_YOUR GOAL_:
Give back exactly the lines from the beginning of the listing below to the line holding "自動車修理用ミニラチェットレンチ,ダブルエンドソケットレンチ,可動式ヘッドトルク,ハンドツール,2 in 1, 1/4", both ends included; the pictures stay out.

_DATA SEGMENT_:
:::::

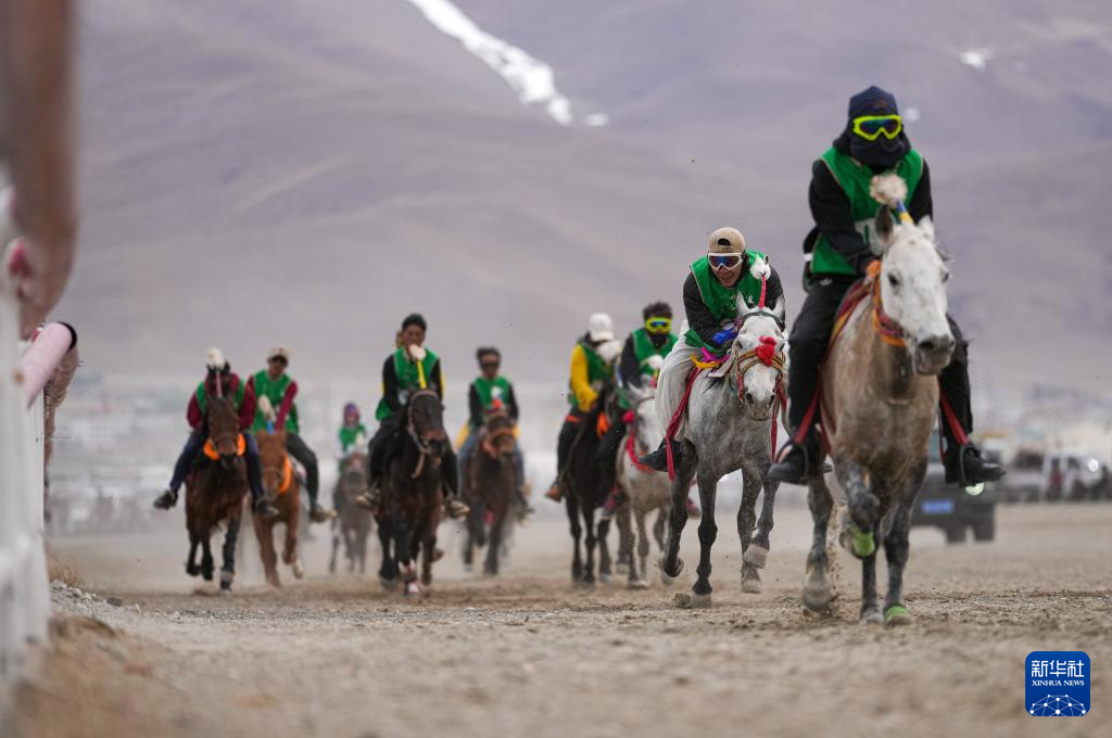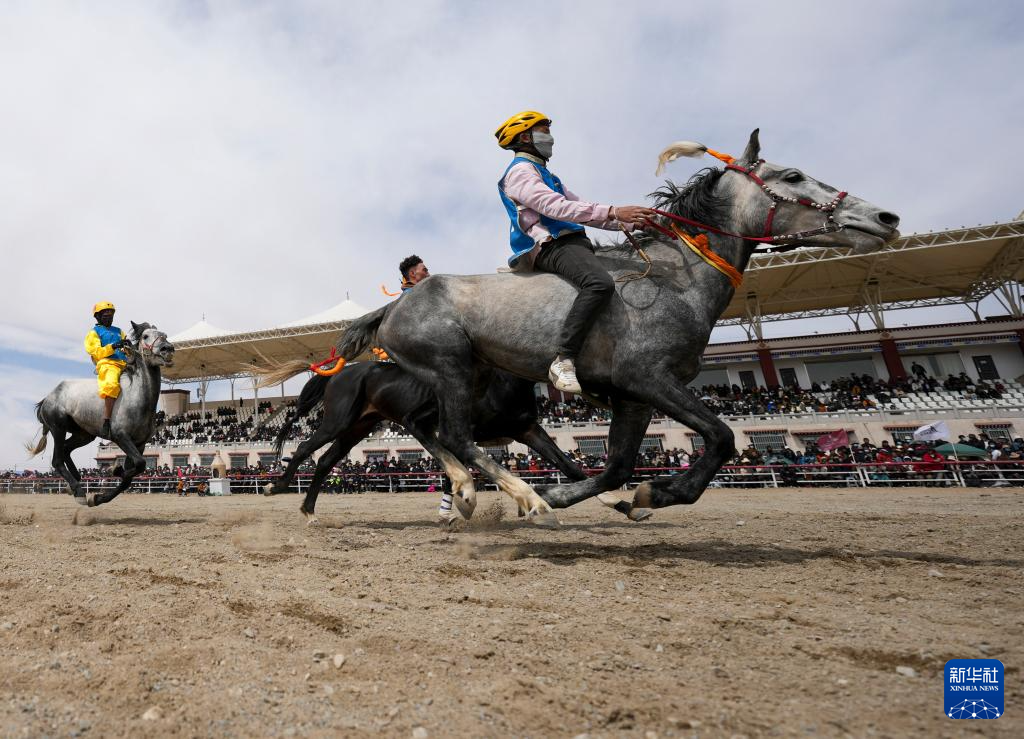 4月26日,騎手在進(jìn)行賽馬比賽。新華社記者 晉美多吉 攝
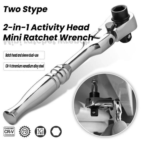 自動車修理用ミニラチェットレンチ,ダブルエンドソケットレンチ,可動式ヘッドトルク,ハンドツール,2 in 1, 1/4
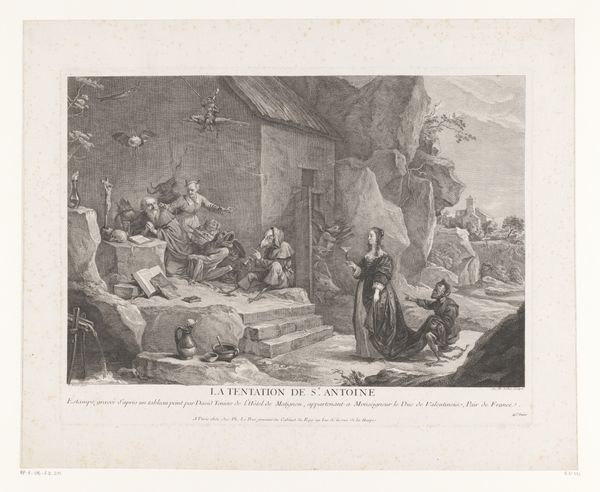 Editor: Here we have Wilhelm Hecht’s "Stadsgezicht met de heilige familie en schenkers," an engraving, likely completed sometime between 1871 and 1907. The density of figures against that intricately detailed cityscape feels both crowded and carefully arranged. How do you see the composition working here? Curator: The engraving technique allows for incredibly fine lines and tonal variations, doesn’t it? Notice how the artist uses this to create depth, leading the eye from the foreground figures to the buildings behind, and ultimately to that distant, almost dreamlike landscape. It’s a sophisticated interplay of textures, with rough-hewn architectural facades and the intricate folds of drapery. Editor: It almost feels like two separate scenes layered on top of one another, a holy scene and a city view. What are your thoughts about the lack of blending of these two narratives? Curator: Precisely! That lack of blending creates a deliberate tension, a visual puzzle. The juxtaposition forces us to consider the relationship between the sacred and the secular, between the ideal and the real. Is one elevated above the other or is their relationship complementary? I wonder about the structure that contains that lack of transition. Does the artist consider it a successful solution? Editor: So you’re saying the success of the artwork really hinges on that specific tension between the realms, achieved through that careful arrangement of light, line, and space. Curator: Yes. And it's interesting to analyze what this dissonance might achieve. Think about what kind of conversation emerges because of the disjunction. Editor: It's been fascinating to consider how such formal qualities shape the very meaning of the work. Curator: Indeed, reflecting on these formal elements reveals complex artistic intentionality.

:::::

_YOUR RESPONSE_:
 4月26日,騎手在進(jìn)行賽馬比賽。新華社記者 晉美多吉 攝
 自動車修理用ミニラチェットレンチ,ダブルエンドソケットレンチ,可動式ヘッドトルク,ハンドツール,2 in 1, 1/4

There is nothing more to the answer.